For lower-level components (PRScorer, CrossPRAnalyzer, etc.), see:
from codegraph.pr_analysis import GitHubClient, GraphAnalyzer, PRScorer, CrossPRAnalyzer
gh = GitHubClient(repo='owner/repo')
scorer = PRScorer(GraphAnalyzer(cs, repo_dir), repo_dir, gh)
result = scorer.analyze(gh.pr_to_entry(pr), output_dir='/tmp') # risk_score, risk_level, peak_blast...
cross = CrossPRAnalyzer(cs, repo_dir, gh)
cross.prepare(pr_ids) # index PR nodes into graph
cross.connected_components() # {root: [pr_ids]} — detects conflicts
cross.update_pr_labels(assignments) # persist labels to graph DB
# Load PR results from graph DB (no GitHub API needed)
all_results, components = cross.load_from_graph()
# Build and apply labels from analysis results
from codegraph.pr_labeler import build_label_assignments, apply_labels
assignments = build_label_assignments(all_results, components)
apply_labels(assignments, repo='owner/repo', create_labels=True)
For detailed workflows, Cypher patterns, and CrossPRAnalyzer query dimensions, see pr-analysis.md.
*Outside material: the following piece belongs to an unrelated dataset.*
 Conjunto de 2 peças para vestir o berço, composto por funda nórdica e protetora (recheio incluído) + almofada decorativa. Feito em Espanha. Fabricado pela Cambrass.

Risk levels: CRITICAL (≥12), HIGH (≥7), MEDIUM (≥3), LOW (<3), UNKNOWN (when --skip-single-pr). Key signals: blast_radius (3.0×), no_test_coverage (2.0×), interface_change (2.5×), dead_code (1.5×).
After running codegraph pr-review prepare, run codegraph pr-review label to apply category labels to GitHub PRs and post conflict comments:
# Apply labels and post conflict comments:
codegraph pr-review label --db .codegraph
# Preview without making API calls:
codegraph pr-review label --db .codegraph --dry-run
The label subcommand reads PR labels from the graph DB (pr.label column) — no re-analysis needed. For conflicting PRs (labelled conflicting-group-N), it also posts a comment on the GitHub PR listing shared functions and other conflicting PRs.
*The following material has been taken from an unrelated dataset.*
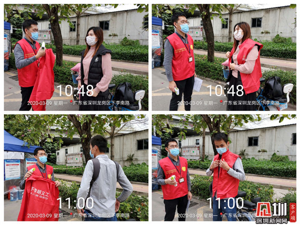 在社區(qū)工作人員的指導(dǎo)下,這位男子穿上“紅馬甲”,手拿體溫槍,立即投入到了防疫義工服務(wù)中。為進(jìn)出人員測量體溫、登記等,這位男子“不漏一車一人”,義工服務(wù)做得十分認(rèn)真。半小時(shí)志愿服務(wù)后,該男子意識到自己不戴頭盔的錯(cuò)誤行為,并表示以后會注意,“這是一次很特別的‘教訓(xùn)’,以后我肯定會記住戴頭盔的!”
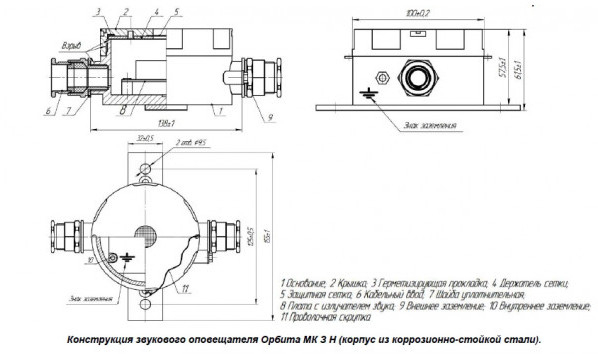 - Оповещатель звуковой взрывозащищенный ОРБИТА МК З-Н-К

Labels are computed during prepare from the analysis results (connected components + risk scores) and persisted to PR nodes in the graph DB (pr.label column, semicolon-delimited).
Label scheme:
| Category | Label | Color |
|----------|-------|-------|
| Auto-merge Candidates (Part 1) | auto-merge-candidate | Green |
| Independent Review (Part 2) | independent-review | Yellow |
| Conflicting Group N (Part 3) | conflicting-group-N | Red/Orange/Blue |
| Any conflicting PR (Part 3) | conflicting-pr | Red |
PR-specific follow-up questions are automatically included in codegraph explore when PR nodes exist in the graph DB (i.e., after codegraph pr-review prepare). PR exploration is a question template set integrated into explore. To query a specific PR's details (conflicts, changed functions), use the PRReview Python API.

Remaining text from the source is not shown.